Transcribe the listing that follows in full, exactly, and drop its images.

Provided data START

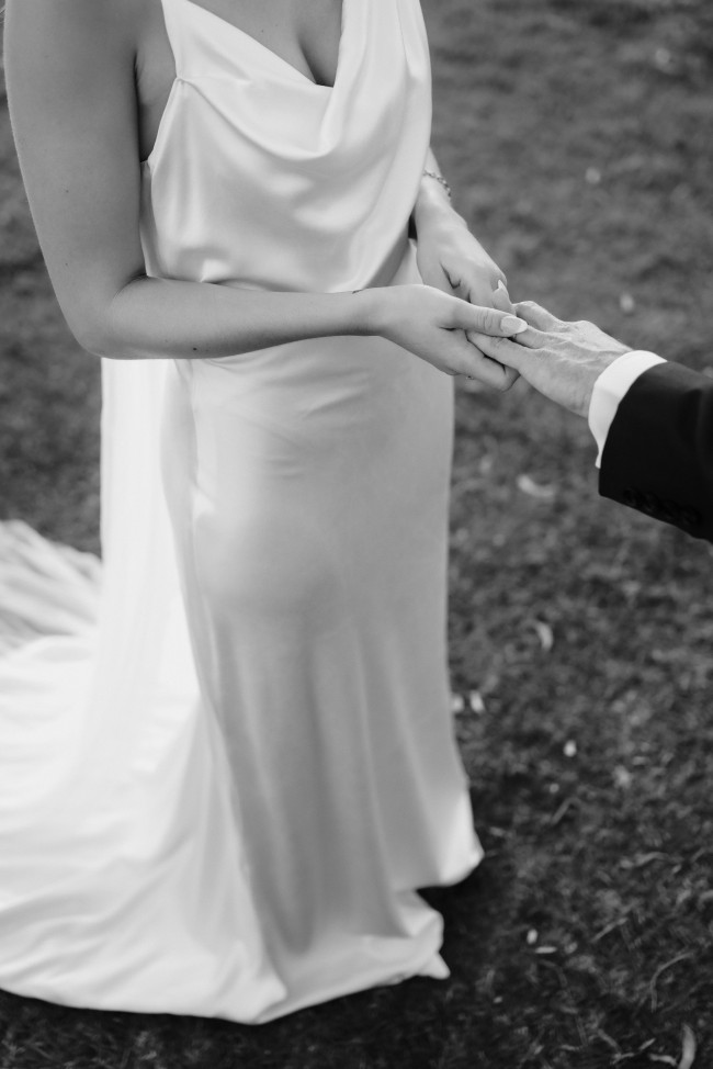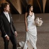 This simple asymmetrical ivory gown is trimmed with extravagant satin-covered buttons down the back for a little extra retro glam.
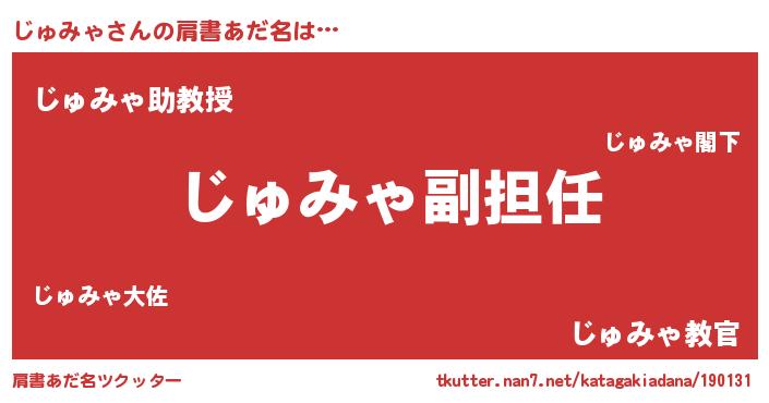 | 意味不明あだ名 | 『永久保存じゅみゃ』『自称じゅみゃ』 |
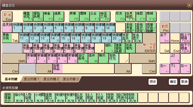 可查看游戏内所有按键的对应键盘按键,或可自由更换键盘按键。
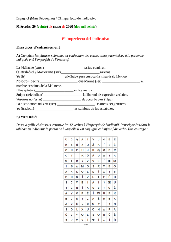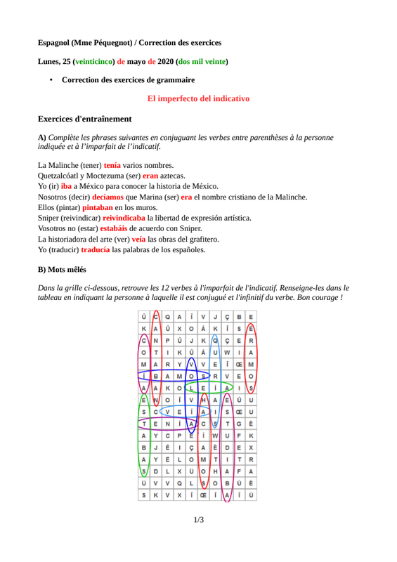 - conjuguez les verbes, à l'écrit, sans regarder le cahier, puis vérifiez
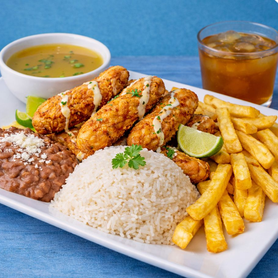 Arroz blanco acompañado de tenders de pollo, ensalada de la casa, acompañante disponible y principio del día o huevo (si no hay disponibilidad), claro de sopa del día o huevo (si no hay disponibilidad) y bebida del día.

Provided data END

[Task answer]:
 This simple asymmetrical ivory gown is trimmed with extravagant satin-covered buttons down the back for a little extra retro glam.
 | 意味不明あだ名 | 『永久保存じゅみゃ』『自称じゅみゃ』 |
 可查看游戏内所有按键的对应键盘按键,或可自由更换键盘按键。
 - conjuguez les verbes, à l'écrit, sans regarder le cahier, puis vérifiez
 Arroz blanco acompañado de tenders de pollo, ensalada de la casa, acompañante disponible y principio del día o huevo (si no hay disponibilidad), claro de sopa del día o huevo (si no hay disponibilidad) y bebida del día.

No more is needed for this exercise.